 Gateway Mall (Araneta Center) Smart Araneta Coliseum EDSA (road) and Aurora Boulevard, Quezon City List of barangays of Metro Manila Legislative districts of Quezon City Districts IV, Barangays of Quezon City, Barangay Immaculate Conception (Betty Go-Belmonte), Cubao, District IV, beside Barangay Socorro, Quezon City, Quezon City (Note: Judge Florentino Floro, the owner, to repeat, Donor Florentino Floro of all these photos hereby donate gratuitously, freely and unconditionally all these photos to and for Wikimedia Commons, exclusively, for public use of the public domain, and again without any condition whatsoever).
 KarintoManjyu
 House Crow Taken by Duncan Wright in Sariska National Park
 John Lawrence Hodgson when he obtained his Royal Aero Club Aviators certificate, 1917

_ _ _ _ _

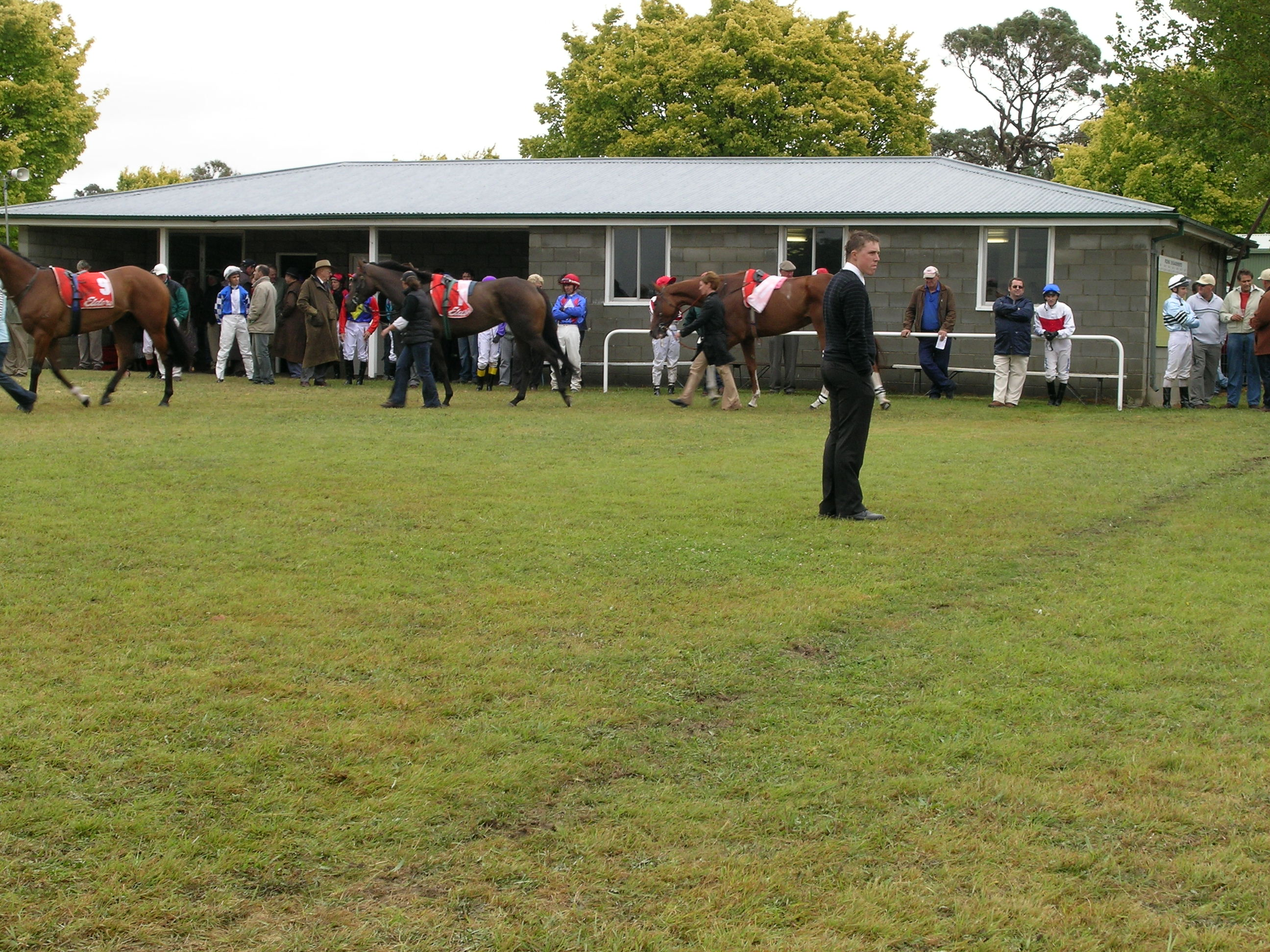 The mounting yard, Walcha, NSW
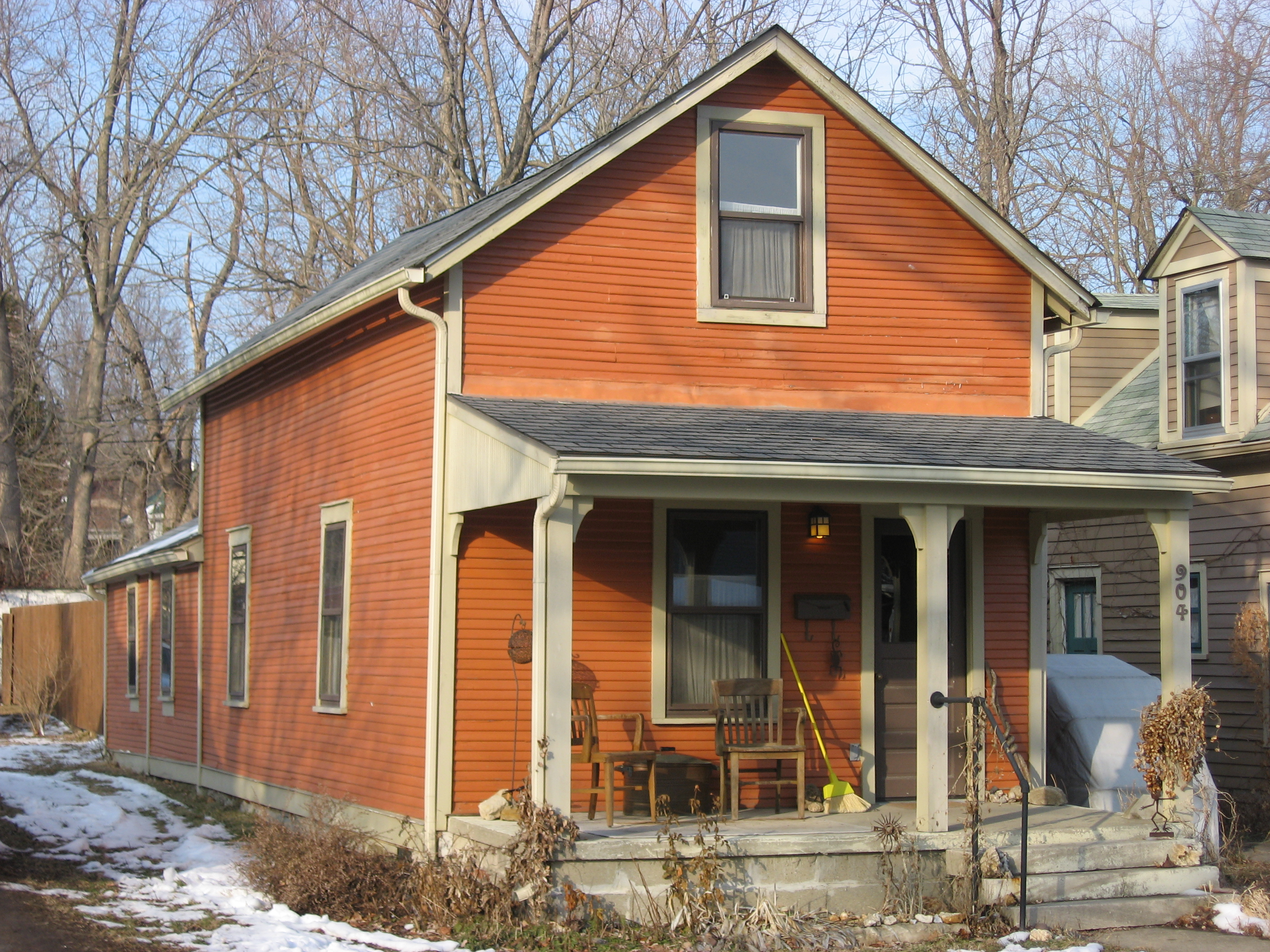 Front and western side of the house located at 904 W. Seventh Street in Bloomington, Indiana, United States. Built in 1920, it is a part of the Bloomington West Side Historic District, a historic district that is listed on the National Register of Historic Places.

_ _ _ _ _

- _Task objective_
Reproduce the lines above starting at the one with "The mounting yard, Walcha, NSW" and ending at the one with "Front and western", both included, exactly and with no pictures.

- _Written solution_
 The mounting yard, Walcha, NSW
 Front and western side of the house located at 904 W. Seventh Street in Bloomington, Indiana, United States. Built in 1920, it is a part of the Bloomington West Side Historic District, a historic district that is listed on the National Register of Historic Places.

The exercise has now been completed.